Свободной рукой Артур дотянулся до моей головы и приподнял локоны волос у правого виска, чтобы увидеть побелевший на нем шрам, большей своей частью уходивший в волосяной покров.
— Иногда ты просто…восхищаешь меня, Рузвельт, — совершенно искренне заявил он. — Ты, наверно, самый сильный и храбрый человек, которого я когда-либо знал. Как ты не сломалась под всем этим?

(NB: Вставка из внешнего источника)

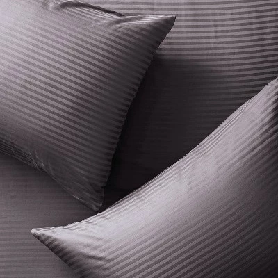 Transform your bedroom into a cozy resting retreat with the 400-Thread Count Damask Solid Sheet Set Collection from Threshold™ Signature. Made from 100% cotton and featuring a 400-thread count construction, each piece in this bedding collection feels soft to the touch and ensures you stay comfy as you recline to relax or toss those shoes to catch some Z’s. This decorative bedding collection includes a variety of fitted sheets, flat sheets and pillowcases in various hues with each featuring a classic striped pattern that seamlessly blends with your existing bedroom decor for an easy, yet striking update.

— А я и сломалась. — призналась я с грустной улыбкой на лице. — После того, как Чарли с Джеком взяли меня под опеку, я была просто невыносимой. Мне прилично досталось в приюте, лучшей жизни я не знала, да и не требовала. Я была готова страдать у Картеров. Но на удивление меня приняли в семью не в качестве рабочей силы. Меня взяли просто, потому что я Тэдди. Потому что я пела на мелочь на тротуаре. Потому что Чарли меня полюбил. Чарли вообще первый человек на всем белом свете, который по-настоящему полюбил меня. И эта любовь помогла всем косточкам срастись заново.
Почувствовав ком в горле, я резко поднялась с места, расцепляя наши с Артуром руки.
— У тебя ужасная комната, ты знаешь? — сказала я, изучая одну из непонятных картин на стене.
— Почему?
— В ней нет никакой частички тебя. Серо и скучно. На шкафу даже покупная этикетка не оторвана.
— Что я могу сказать? За последний год — ты самый живой и тёплый человек, который сюда заглядывал.
Я думала, что как только увижу эту комнату, мне все сразу станет понятно, и я узнаю, наконец, что за фрукт этот Артур Кемминг, но ни один дюйм пространства вокруг не дал ответы на мои вопросы. С таким же успехом можно было бы вести дискуссию со столбом или с деревом.
— А где древние портреты всех родственников по вашей родословной? — я крутилась вокруг своей оси, жадно всматриваясь каждый дюйм пространства.
— Наша родословная не такая уж и древняя.
— У вас есть какие-нибудь антикварные вазы или золотые статуэтки, урны с прахом?
— Нет.
— Ты так говоришь, чтобы я их не нашла и не украла?
— Прекрати. — Артур накрыл пятерней мою мотающуюся во все стороны голову.
Я развернулась к нему лицом и зачем-то положила свою руку поверх его. Со стороны мы, должно быть, смотрелись очень глупо. И Артура, в конечном счете, это развеселило. Небольшие морщинки заключили его улыбающиеся губы в объятия с двух сторон. Эта картина привела меня в восторг.
— О чем ты всегда думаешь? — пальцы Артура шире распластались по моей голове и почти полностью покрывали всю макушку.
— В смысле?
— У тебя иногда такой стеклянный взгляд. Ты словно проваливаешься куда-то в другое измерение. Что там? Что генерирует твой мозг? — он аккуратно надавил указательным пальцем мне на переносицу. — Рассуждения о глобальном потеплении? Ведьмы? Пришельцы? Гномы сражаются против эльфов? Тайра Бэнкс дает тебе советы о том, как улыбаться глазами?